• What to do: Without the pictures, restate all of the data below word for word.

• Source material:
+-------+

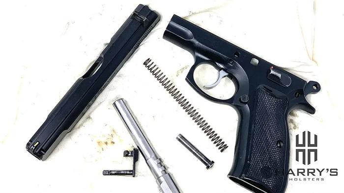 CZ75的底子其实是1935年的勃朗宁大威力手枪的底子,用的是枪管后坐原理+枪管偏移闭锁。闭锁方式上,和勃朗宁大威力手枪几乎一模一样。不仅如此,空仓挂机、保险位置和勃朗宁大威力手枪都很像,就连勃朗宁大威力手枪的外置抽壳钩,在CZ75身上也都有体现。这套设计,在当时已经是非常成熟了,CZ也是直接拿过来用了。
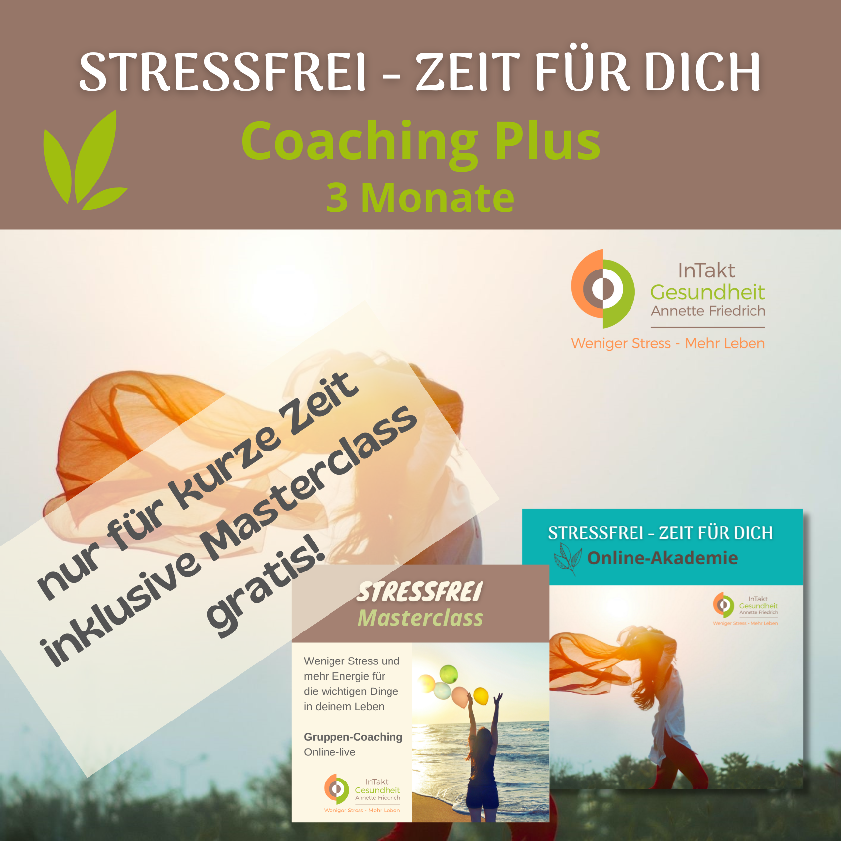 Achtung: Nur für kurze Zeit erhältst du die Stressfrei Masterclass für 6 Monate gratis dazu:
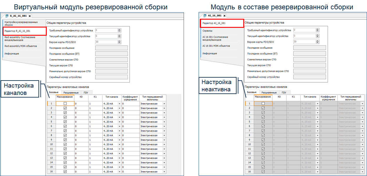 Вкладки «Редактор …» виртуального модуля резервированной сборки и реальных модулей полностью идентичны.
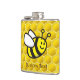 Cartoon voador de abelha sorridente sobre fundo de colmeia de abelha sem costura.

+-------+

• Answer box:
 CZ75的底子其实是1935年的勃朗宁大威力手枪的底子,用的是枪管后坐原理+枪管偏移闭锁。闭锁方式上,和勃朗宁大威力手枪几乎一模一样。不仅如此,空仓挂机、保险位置和勃朗宁大威力手枪都很像,就连勃朗宁大威力手枪的外置抽壳钩,在CZ75身上也都有体现。这套设计,在当时已经是非常成熟了,CZ也是直接拿过来用了。
 Achtung: Nur für kurze Zeit erhältst du die Stressfrei Masterclass für 6 Monate gratis dazu:
 Вкладки «Редактор …» виртуального модуля резервированной сборки и реальных модулей полностью идентичны.
 Cartoon voador de abelha sorridente sobre fundo de colmeia de abelha sem costura.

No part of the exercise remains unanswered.